At the end of June, Office Depot announced that it would develop a B2B app based on Centriq’s award-winning home management app after making a minority investment in the California-based start-up.

 

Currently, Centriq is aimed largely at home-owners and real-estate agents; it is used manage a range of assets and devices such as electronic appliances, machines and household valuables. Features include the management of receipts, warranties, instructional videos and the ordering of replacement parts. Depot’s Chief Digital Officer Kevin Moffitt told OPI that the app currently has around 60,000 users and this number is “growing monthly”.

 

Quite how Depot will develop the app for B2B customers remains to be seen, but Moffitt said that he expected the B2B version to be ready by the end of the year.

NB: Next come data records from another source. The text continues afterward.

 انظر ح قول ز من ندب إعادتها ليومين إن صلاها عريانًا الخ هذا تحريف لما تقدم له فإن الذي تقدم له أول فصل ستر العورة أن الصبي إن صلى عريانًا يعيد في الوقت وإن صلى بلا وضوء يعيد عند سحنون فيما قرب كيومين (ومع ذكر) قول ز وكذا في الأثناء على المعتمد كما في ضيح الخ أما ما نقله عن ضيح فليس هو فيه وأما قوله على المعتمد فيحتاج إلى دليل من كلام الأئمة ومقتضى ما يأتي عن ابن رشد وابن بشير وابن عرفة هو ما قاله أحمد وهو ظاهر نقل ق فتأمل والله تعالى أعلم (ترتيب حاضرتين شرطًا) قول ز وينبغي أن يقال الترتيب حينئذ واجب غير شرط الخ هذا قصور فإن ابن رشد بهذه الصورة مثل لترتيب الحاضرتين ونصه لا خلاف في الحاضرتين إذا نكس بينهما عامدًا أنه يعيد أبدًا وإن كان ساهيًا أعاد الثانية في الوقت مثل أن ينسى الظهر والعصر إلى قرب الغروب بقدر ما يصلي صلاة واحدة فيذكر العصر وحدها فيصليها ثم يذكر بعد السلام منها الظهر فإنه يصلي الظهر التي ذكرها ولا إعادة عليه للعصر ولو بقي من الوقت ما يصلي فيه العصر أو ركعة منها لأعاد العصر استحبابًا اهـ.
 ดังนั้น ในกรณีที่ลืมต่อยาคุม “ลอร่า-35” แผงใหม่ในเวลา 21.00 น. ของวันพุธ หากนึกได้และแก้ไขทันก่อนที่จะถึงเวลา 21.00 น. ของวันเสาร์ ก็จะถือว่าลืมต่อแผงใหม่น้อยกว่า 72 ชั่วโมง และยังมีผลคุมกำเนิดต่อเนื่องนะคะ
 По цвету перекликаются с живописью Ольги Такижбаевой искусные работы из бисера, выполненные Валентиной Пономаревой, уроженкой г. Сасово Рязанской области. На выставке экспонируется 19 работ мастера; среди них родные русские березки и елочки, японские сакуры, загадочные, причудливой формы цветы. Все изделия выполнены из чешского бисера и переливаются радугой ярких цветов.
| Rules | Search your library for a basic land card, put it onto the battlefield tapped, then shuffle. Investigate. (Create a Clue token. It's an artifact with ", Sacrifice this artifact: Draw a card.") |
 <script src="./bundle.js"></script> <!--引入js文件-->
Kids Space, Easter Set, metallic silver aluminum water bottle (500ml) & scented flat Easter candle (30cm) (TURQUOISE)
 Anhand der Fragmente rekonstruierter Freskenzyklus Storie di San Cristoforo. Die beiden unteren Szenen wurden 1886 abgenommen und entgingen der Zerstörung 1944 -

More details regarding the business model and how users will get the B2B app will be available at launch, he added.

 

“The B2B app will support Office Depot’s mission to help our customers […] by helping them make the most of their business investments in technology and professional equipment, and keeping them up-to-date with maintenance and service information,” he explained.

 

“We’re targeting a broad base of business customers, and we see applications for both large and small businesses,” he added.

 

Looking at how Centriq is used in the consumer space, it would appear to be better suited to smaller businesses that have fewer resources to devote to asset management and maintenance, although you can see how the app could be adapted into a wider platform for the ordering of supplies. In fact, a Facebook post by Centriq in May indicated that replacement parts could be ordered directly through the app on Amazon; presumably, Office Depot would be able to tweak that feature so that supplies were ordered from its own website instead.

 

Moffitt said that Depot was not disclosing the financial terms of its investment in Centriq at this time, but the move is reminiscent of Staples’ backing last year in business services provider Managed by Q in that it is investing in digital-based office services and helping fund a tech start-up.

 

In Depot’s press release last month announcing the Centriq deal, CEO Gerry Smith called the arrangement “the first step in showing that we are moving toward a strategic transformation of our company outside of the traditional retail model”. Again, that sounds a bit like Staples and its move to a predominantly delivery-focused business, although Smith has also said that retail will be very much at the heart of the Office Depot customer experience.

 

It is also interesting that Smith still sees Depot as a traditional retailer of paper, ink and toner despite all the noises made around omnichannel and the ‘store of the future’ in the past few years. The Centriq investment is a move in the right direction for Depot, but it still appears to be very much in catch-up mode versus direct rival Staples and the likes of Amazon.